PROBLEM TO WORK ON: Below are records; how many of their lines contain "Penteskouphia"? Answer with only the number.

TASK MATERIAL:
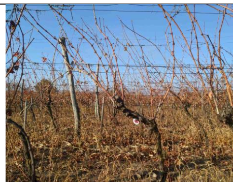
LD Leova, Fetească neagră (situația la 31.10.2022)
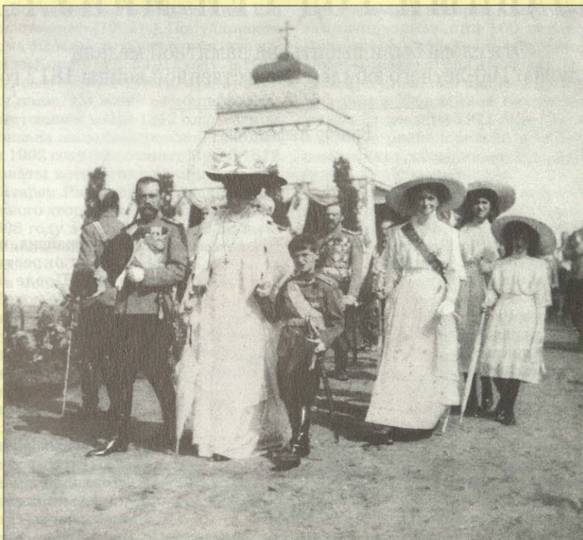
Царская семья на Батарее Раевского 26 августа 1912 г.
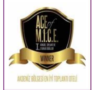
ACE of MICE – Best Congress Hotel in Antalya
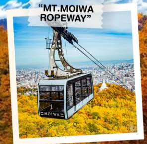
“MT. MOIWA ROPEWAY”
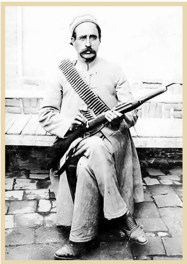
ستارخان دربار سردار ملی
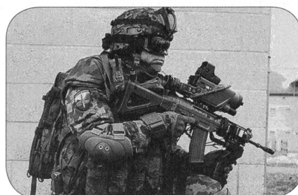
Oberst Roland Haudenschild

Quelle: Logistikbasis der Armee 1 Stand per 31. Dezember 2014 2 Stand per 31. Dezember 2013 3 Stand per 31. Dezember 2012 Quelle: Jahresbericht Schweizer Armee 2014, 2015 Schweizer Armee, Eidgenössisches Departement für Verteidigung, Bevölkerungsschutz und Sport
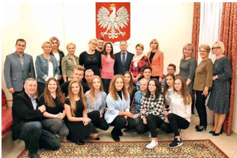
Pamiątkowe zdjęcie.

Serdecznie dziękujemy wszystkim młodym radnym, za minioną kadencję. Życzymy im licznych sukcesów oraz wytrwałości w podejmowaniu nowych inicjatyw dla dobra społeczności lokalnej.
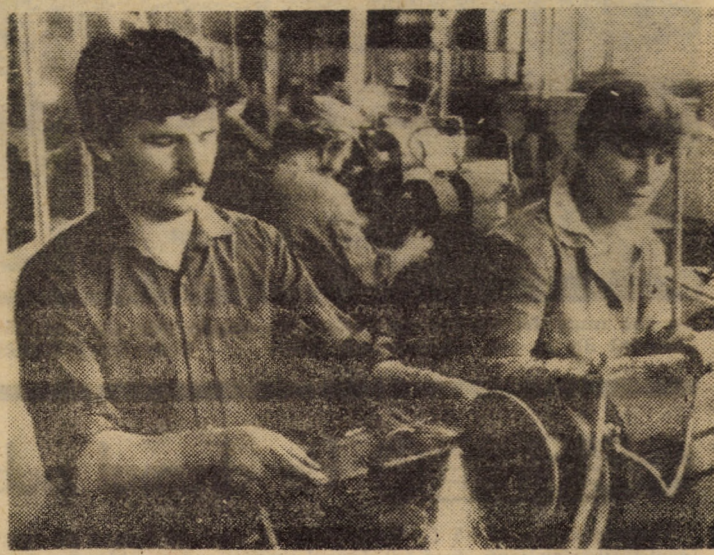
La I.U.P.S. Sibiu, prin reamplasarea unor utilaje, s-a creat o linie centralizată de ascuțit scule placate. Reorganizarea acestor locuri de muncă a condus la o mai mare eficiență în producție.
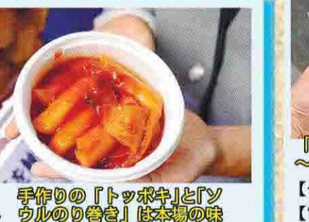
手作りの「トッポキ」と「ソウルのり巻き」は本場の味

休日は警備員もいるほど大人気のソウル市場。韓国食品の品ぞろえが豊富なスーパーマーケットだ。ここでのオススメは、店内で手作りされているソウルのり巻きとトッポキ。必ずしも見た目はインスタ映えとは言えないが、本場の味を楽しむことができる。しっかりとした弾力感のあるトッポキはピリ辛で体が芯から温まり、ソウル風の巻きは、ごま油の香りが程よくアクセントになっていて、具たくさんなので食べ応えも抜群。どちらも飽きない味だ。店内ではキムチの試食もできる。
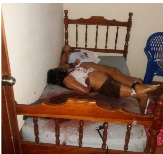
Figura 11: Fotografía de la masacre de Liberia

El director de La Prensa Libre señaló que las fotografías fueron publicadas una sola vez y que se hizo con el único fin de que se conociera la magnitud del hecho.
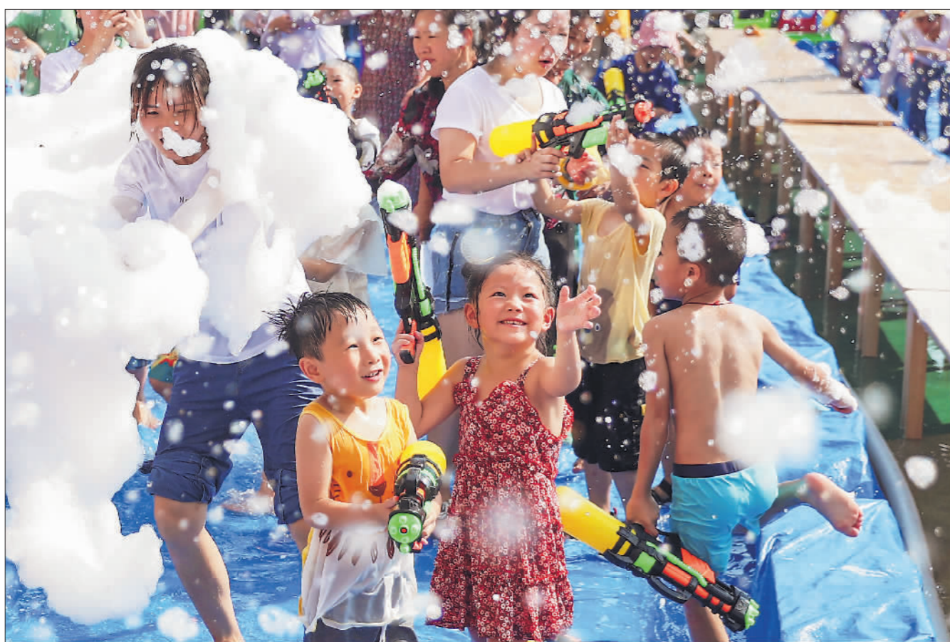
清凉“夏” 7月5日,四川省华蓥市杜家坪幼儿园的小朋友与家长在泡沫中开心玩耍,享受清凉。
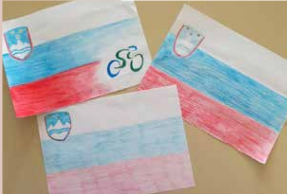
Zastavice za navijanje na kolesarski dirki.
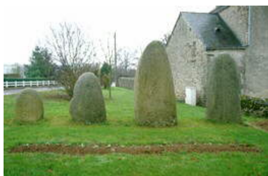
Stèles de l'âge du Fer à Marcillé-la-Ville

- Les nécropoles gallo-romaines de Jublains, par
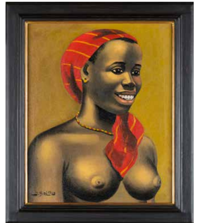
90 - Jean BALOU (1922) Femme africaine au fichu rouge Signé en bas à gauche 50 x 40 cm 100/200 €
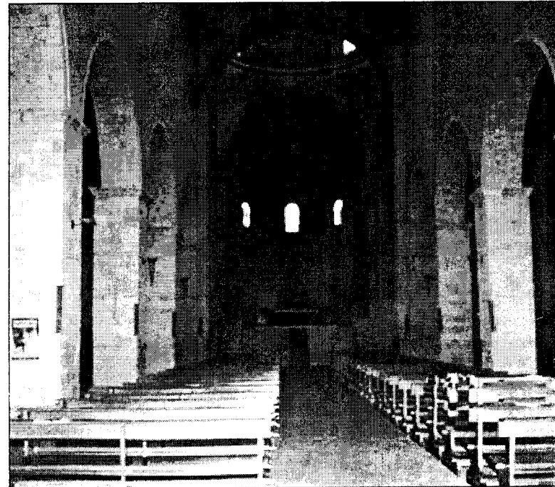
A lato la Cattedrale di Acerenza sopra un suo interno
---
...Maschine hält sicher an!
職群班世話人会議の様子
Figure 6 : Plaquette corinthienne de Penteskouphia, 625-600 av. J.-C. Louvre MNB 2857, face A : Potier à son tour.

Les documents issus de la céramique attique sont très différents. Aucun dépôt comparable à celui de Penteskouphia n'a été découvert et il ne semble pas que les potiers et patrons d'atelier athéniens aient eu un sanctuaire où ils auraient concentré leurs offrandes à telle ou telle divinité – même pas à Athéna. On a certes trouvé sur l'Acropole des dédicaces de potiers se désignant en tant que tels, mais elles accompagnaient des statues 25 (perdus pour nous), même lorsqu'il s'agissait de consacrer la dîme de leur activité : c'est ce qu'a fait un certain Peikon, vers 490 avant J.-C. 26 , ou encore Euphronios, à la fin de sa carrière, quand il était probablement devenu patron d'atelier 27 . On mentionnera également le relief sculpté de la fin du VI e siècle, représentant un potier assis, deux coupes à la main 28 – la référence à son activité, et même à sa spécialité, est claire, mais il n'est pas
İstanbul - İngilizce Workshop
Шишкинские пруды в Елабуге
* * *
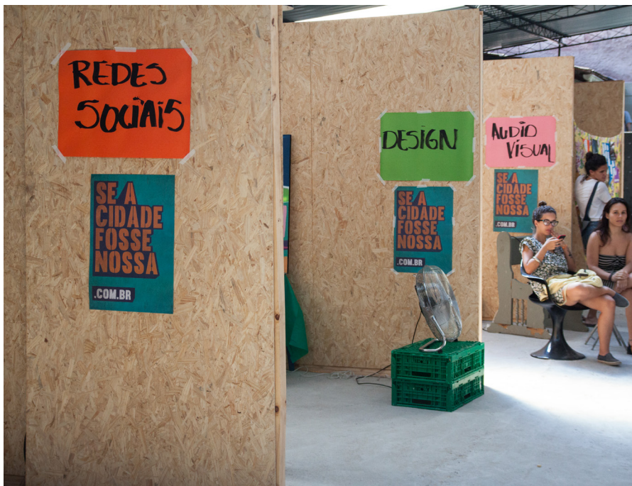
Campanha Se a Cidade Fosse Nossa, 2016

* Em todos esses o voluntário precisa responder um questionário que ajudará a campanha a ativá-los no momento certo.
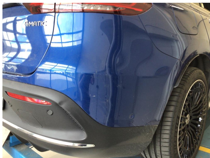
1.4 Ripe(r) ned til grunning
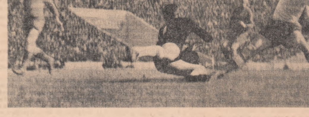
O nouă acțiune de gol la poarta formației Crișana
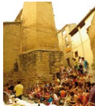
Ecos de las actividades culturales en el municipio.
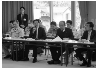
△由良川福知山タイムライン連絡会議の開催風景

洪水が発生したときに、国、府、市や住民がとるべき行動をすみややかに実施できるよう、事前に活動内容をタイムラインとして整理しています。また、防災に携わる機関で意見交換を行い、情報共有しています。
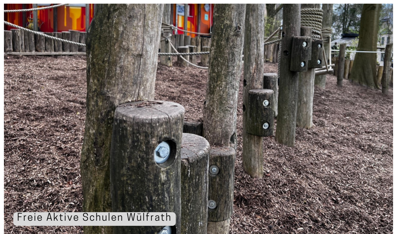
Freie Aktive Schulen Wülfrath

YOUR SOLUTION: 2